This is the first post in a three post series on getting started. By the end of the getting started series my goal is to get you ready to start coding with a sample program that will demonstrate the performance benefits of RDMA. In this post I will review RDMA concepts in a simple minded way. Later I intend to come back and do more detailed posts on each concept.
What is RDMA
RDMA is Remote Dynamic Memory Access which is a way of moving buffers between two applications across a network. RDMA differs from traditional network interfaces because it bypasses the operating system. This allows programs that implement RDMA to have:
- The absolute lowest latency
- The highest throughput
- Smallest CPU footprint
How Can We Use It
To make use of RDMA we need to have a network interface card that implements an RDMA engine.

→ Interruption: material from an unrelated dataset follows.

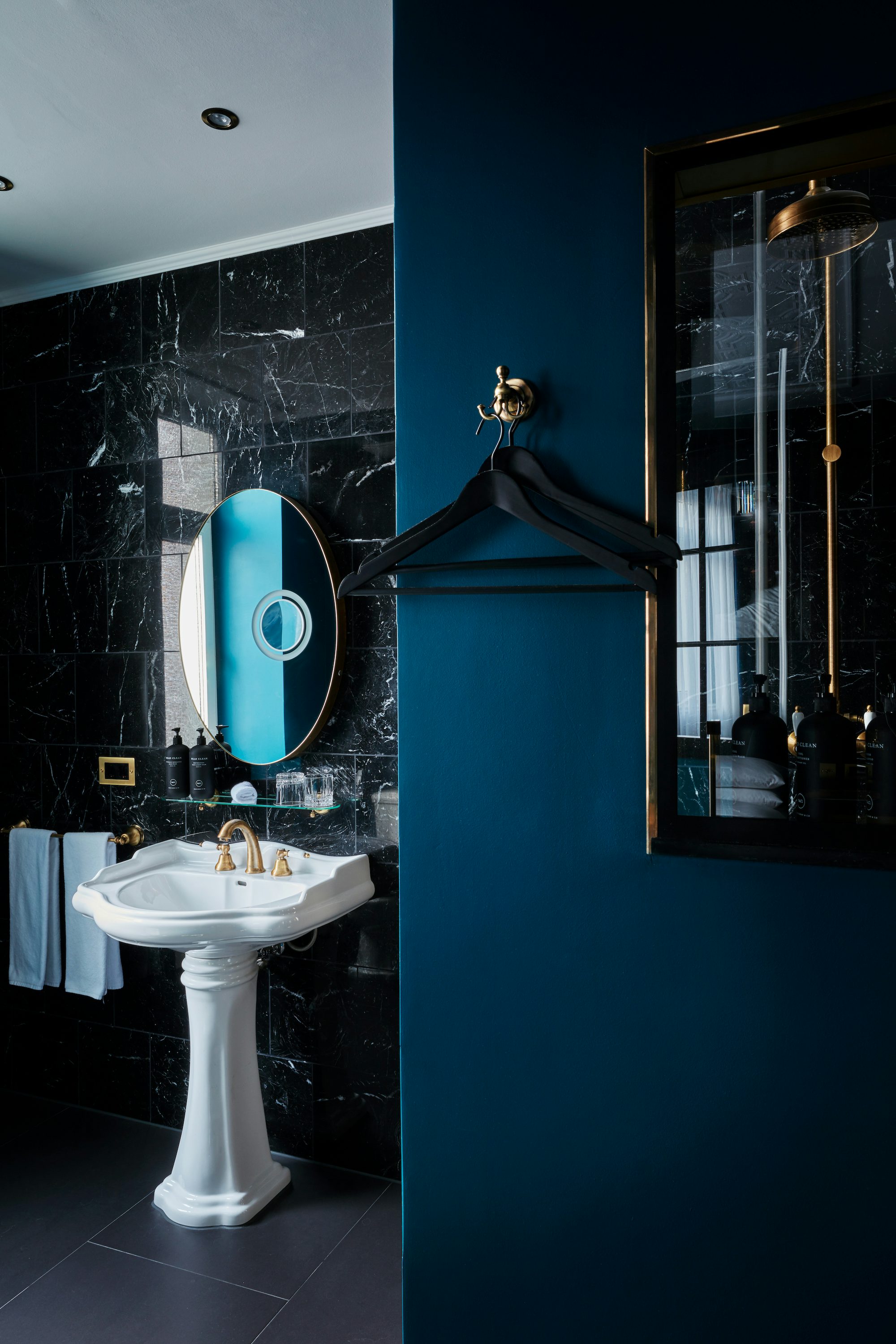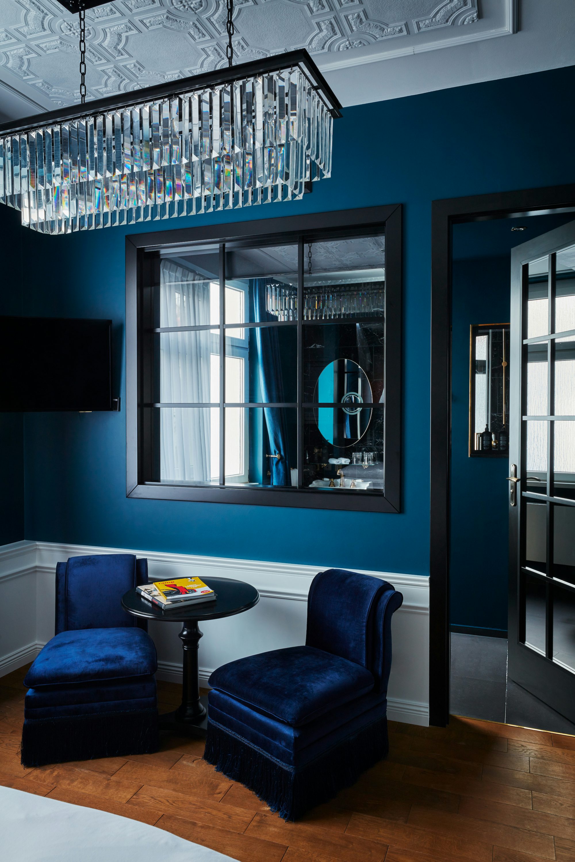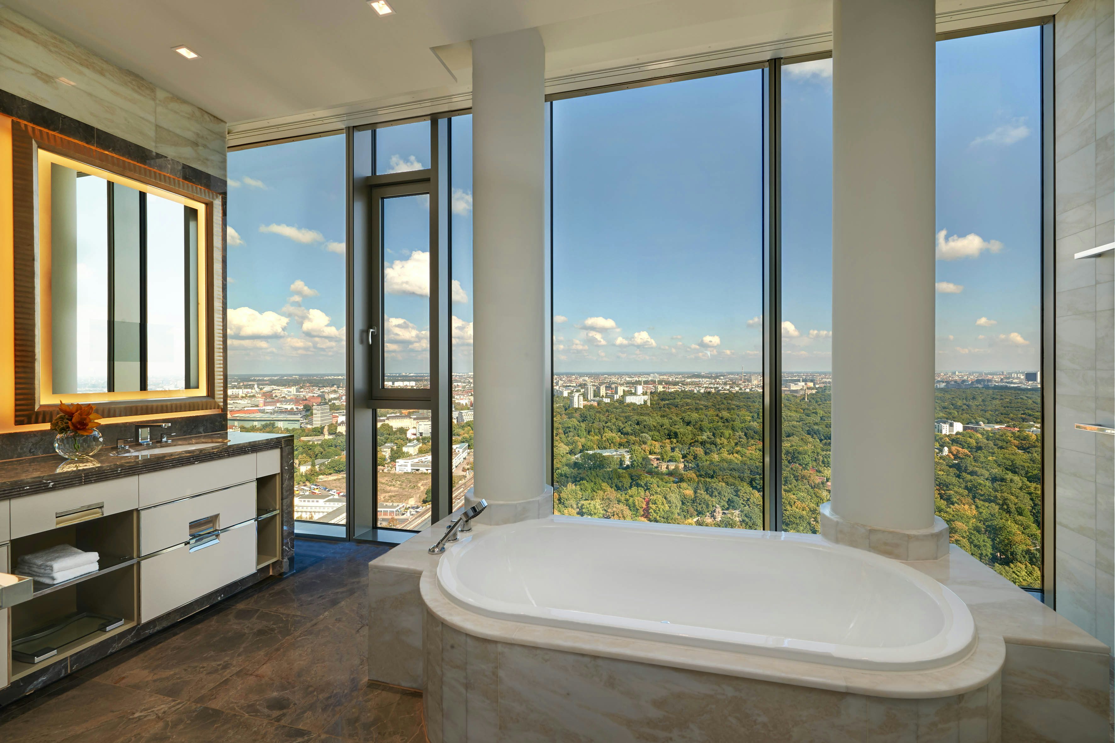 Für die Inneneinrichtung war die Pariser Agentur Inter Art Etudes verantwortlich und das sieht man auch: Art déco trifft auf Modernität. Bei den Suiten und Zimmern besonders atemberaubend: die Bäder mit dem Ausblick über ganz Berlin.

We call this an HCA (Host Channel Adapter). The adapter creates a channel from it’s RDMA engine though the PCI Express bus to the application memory. A good HCA will implement in hardware all the logic needed to execute RDMA protocol over the wire. This includes segmentation and reassembly as well as flow control and reliability. So from the application perspective we deal with whole buffers.

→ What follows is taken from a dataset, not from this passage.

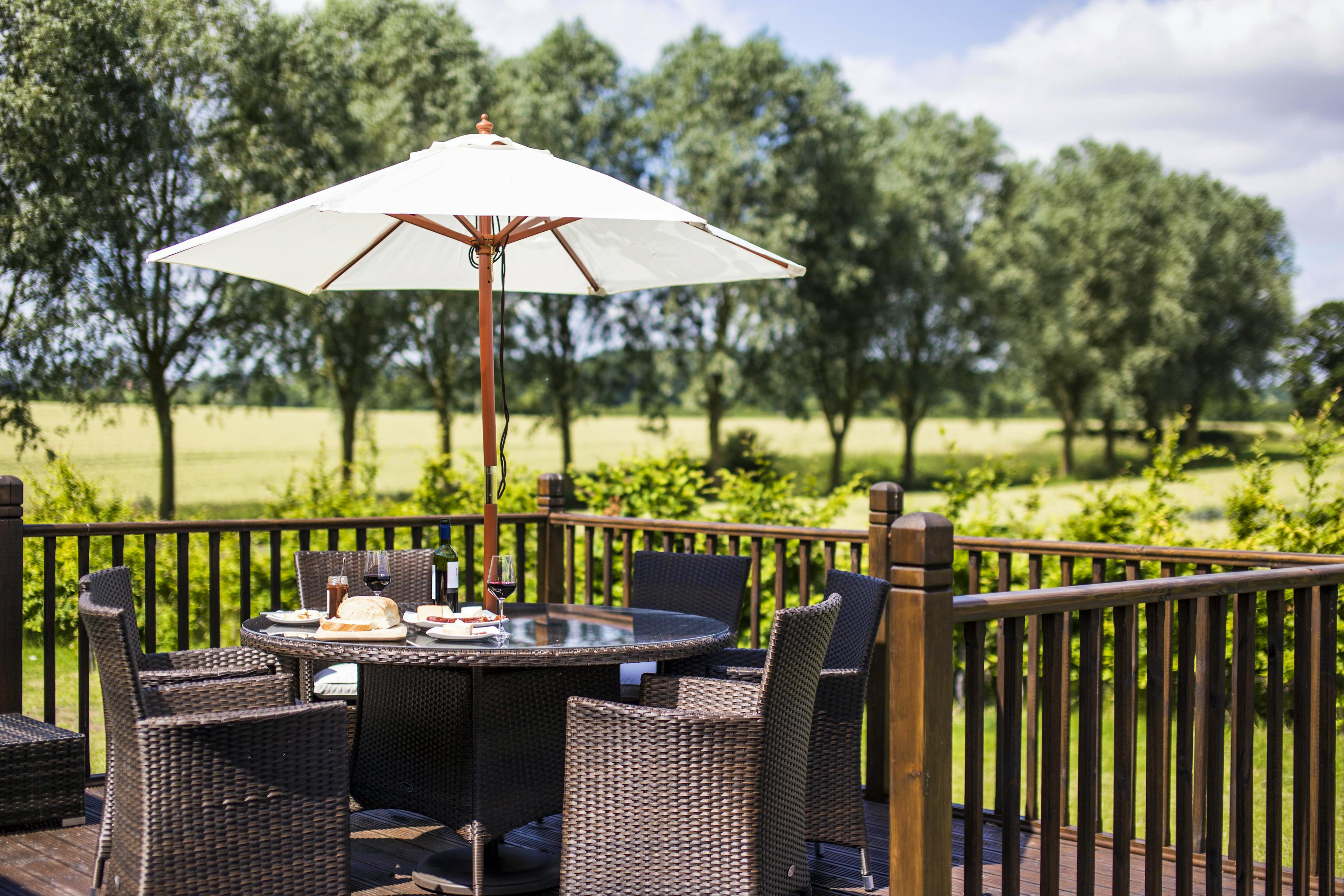 Large decked area outside with furniture and barbecue.

In RDMA we setup data channels using a kernel driver. We call this the command channel. We use the command channel to establish data channels which will allow us to move data bypassing the kernel entirely. Once we have established these data channels we can read and write buffers directly.
The API to establish these the data channels are provided by an API called “verbs”. The verbs API is a maintained in an open source linux project called the Open Fabrics Enterprise Distribution (OFED). (www.openfabrics.org). There is an equivalent project for Windows WinOF located at the same site.

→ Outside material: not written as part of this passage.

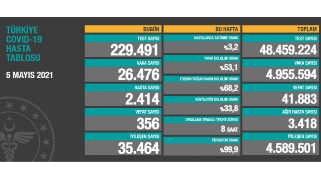 Sağlık Bakanlığının Covid-19 bilgilendirme sayfasında Türkiye'nin güncel korona virüs tablosu kamuoyuyla paylaşıldı. Tabloya göre son 24 saatte 356 kişi korona virüsten hayatını kaybetti, toplam can kaybı 41 bin 883'e yükseldi. Toplamda 48 milyon 459 bin 224 test yapıldı. Bugün yapılan 229 bin 491 testten, 26 bin 476 yeni vaka sayısı, 2 bin 414 kişi de yeni hasta sayısı olduğu belirtildi. Toplam vaka sayısının 4 milyon 955 bin 594 olduğu, bugün iyileşen 35 bin 464 kişiyle birlikte toplam iyileşen hasta sayısının 4 milyon 589 bin 501'e yükseldiği, toplam hastalarda zatürre oranının yüzde 3,2, ağır hasta sayısının ise 3 bin 418 olduğu açıklandı.

The verbs api is different from the sockets programming API you might be used to. But once you learn some concepts it is actually a lot easier to use and much simpler to design your programs.
RDMA operations start by “pinning” memory. When you pin memory you are telling the kernel that this memory is owned by the application. Now we tell the HCA to address the memory and prepare a channel from the card to the memory. We refer to this as registering a Memory Region. We can now use the memory that has been registered in any of the RDMA operations we want to perform. The diagram below show the registered region and buffers within that region in use by the communication queues.
RDMA communication is based on a set of three queues. The send queue and receive queue are responsible for scheduling work. They are always created in pairs. They are referred to as a Queue Pair(QP). A Completion Queue (CQ) is used to notify us when the instructions placed on the work queues have been completed.
A user places instructions on it’s work queues that tells the HCA what buffers it wants to send or receive. These instructions are small structs called work requests or Work Queue Elements (WQE). WQE is pronounced “WOOKIE” like the creature from starwars. A WQE primarily contains a pointer to a buffer. A WQE placed on the send queue contains a pointer to the message to be sent. A pointer in the WQE on the receive queue contains a pointer to a buffer where an incoming message from the wire can be placed.
RDMA is an asynchronous transport mechanism. So we can queue a number of send or receive WQEs at a time. The HCA will process these WQE in order as fast as it can. When the WQE is processed the data is moved. Once the transaction completes a Completion Queue Element (CQE) is created and placed on the Completion Queue (CQ). We call a CQE a “COOKIE”.
A Simple Example
Lets look at a simple example. In this example we will move a buffer from the memory of system A to the memory of system B. This is what we call Message Passing semantics. The operation is a SEND, this is the most basic form of RDMA.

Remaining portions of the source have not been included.